By Trudy Rubin Philadelphia Inquirer

If you want to understand what has provoked days of protests in Iran and where they might be heading, I have some suggestions.

To truly comprehend the situation, you need to look beyond the headlines.

Since there are very few Western correspondents in Iran, you can find the richest trove of video and fresh information on Twitter. Check out the inimitable Carnegie Endowment fellow Karim Sadjadpour @ksadjadpour; intrepid Iranian-born journalists Maziar Bahari @maziarbahari, Farnaz Fassihi @farnazfassihi, and Borzou Daragahi @borzou; the Brookings Institution’s Suzanne Maloney @MaloneySuzanne; and human-rights activist Gissou Nia @GissouNia.

To summarize their observations: These protests began with working-class youths in eastern Iran and have spread to Tehran and a host of smaller cities, including provinces inhabited by Kurdish and Arab ethnic minorities. The unrest reflects the economic and social woes of Iran’s younger generation. But the demonstrations are leaderless and disconnected; they won’t lead to a change of regime and if they turn more violent (or grow bigger) the regime will surely crush them.

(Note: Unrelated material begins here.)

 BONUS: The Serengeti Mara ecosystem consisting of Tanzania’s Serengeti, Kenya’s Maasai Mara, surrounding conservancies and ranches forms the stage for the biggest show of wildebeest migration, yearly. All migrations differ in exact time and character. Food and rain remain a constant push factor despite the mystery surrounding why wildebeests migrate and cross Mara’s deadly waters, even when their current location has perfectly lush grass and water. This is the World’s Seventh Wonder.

There are things the West can do to warn Tehran off a violent crackdown. But a U.S. withdrawal from the nuclear accord with Iran and restoration of sanctions – both of which the president is mulling – would shift Iranians’ blame for their economic troubles to the United States.

To understand the frustrations driving the young, working-class Iranians who began the protests, I recommend reading Shahram Khosravi’s “Precarious Lives: Waiting and Hope in Iran,” published by the University of Pennsylvania Press. (A shorter version appears in the December 2017 issue of Current History.)

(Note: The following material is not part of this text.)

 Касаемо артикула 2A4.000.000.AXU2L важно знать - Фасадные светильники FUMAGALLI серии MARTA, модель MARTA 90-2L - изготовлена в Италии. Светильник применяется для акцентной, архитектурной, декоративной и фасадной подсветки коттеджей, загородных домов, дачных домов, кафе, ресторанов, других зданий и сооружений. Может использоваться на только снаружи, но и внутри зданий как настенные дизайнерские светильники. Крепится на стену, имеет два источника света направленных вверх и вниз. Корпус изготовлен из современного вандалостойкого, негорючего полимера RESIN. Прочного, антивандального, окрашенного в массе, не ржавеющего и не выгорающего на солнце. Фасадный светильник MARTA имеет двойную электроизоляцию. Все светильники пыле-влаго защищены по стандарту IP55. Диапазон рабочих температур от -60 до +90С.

Whereas the Iranian revolution once claimed to champion the dispossessed, the poor are now considered a burden. The social safety net has shrunk due to falling oil prices, international sanctions, inflation, corruption, and reduced subsidies to the poor.

In 2015, official Iranian sources reported that 40 percent of the population lived below the poverty line, and unemployment among those 20 to 24 years of age was 25 percent (and some analysts say youth unemployment may reach 40 percent).

Among the working class, the rate of short-term and irregular employment tops 90 percent, writes Khosravi. In the meantime, “luxury shopping malls have mushroomed all over Tehran” and “the poor man is regarded as a failure and burden.” Many Iranians who had reached middle-class standards are slipping backward.

“This poverty, unemployment, and unpaid salaries, this anger we see today,” Khosravi told me by phone from Sweden, where he is a professor of anthropology at Stockholm University, “this is an accumulation of all the disappointments going on for a long time. Many young people are disappointed and see no future.

“Iranians were very hopeful (after the nuclear accord) that the economy would be improved and investment would come to the country, but Trump stopped all that, and they are disappointed. Who pays for that? The Iranian people.”

Of course, the cause of Iran’s economic troubles is also systemic.

The New York Times has reported that an initial catalyst for the public’s anger was a leaked version of a proposed governmental budget. It included billions of dollars earmarked for the military and Islamic Revolutionary Guards Corps – with their costly ventures in Syria, Iraq and Lebanon. Huge cash subsidies also go to religious foundations controlled by the clerical elite; the budget also proposed to slash subsidies for the poor and increase fuel prices.

Yet, there is little sign so far that the protests will lead to political upheaval, and the reasons go beyond the regime’s monopoly of force.

Ordinary Iranians have bad memories of war and revolution. They are wary of the chaos in neighboring Iraq and in Syria. The government warns them that the United States and Saudi Arabia seek regime change. And Trump tweets underline the government’s warnings.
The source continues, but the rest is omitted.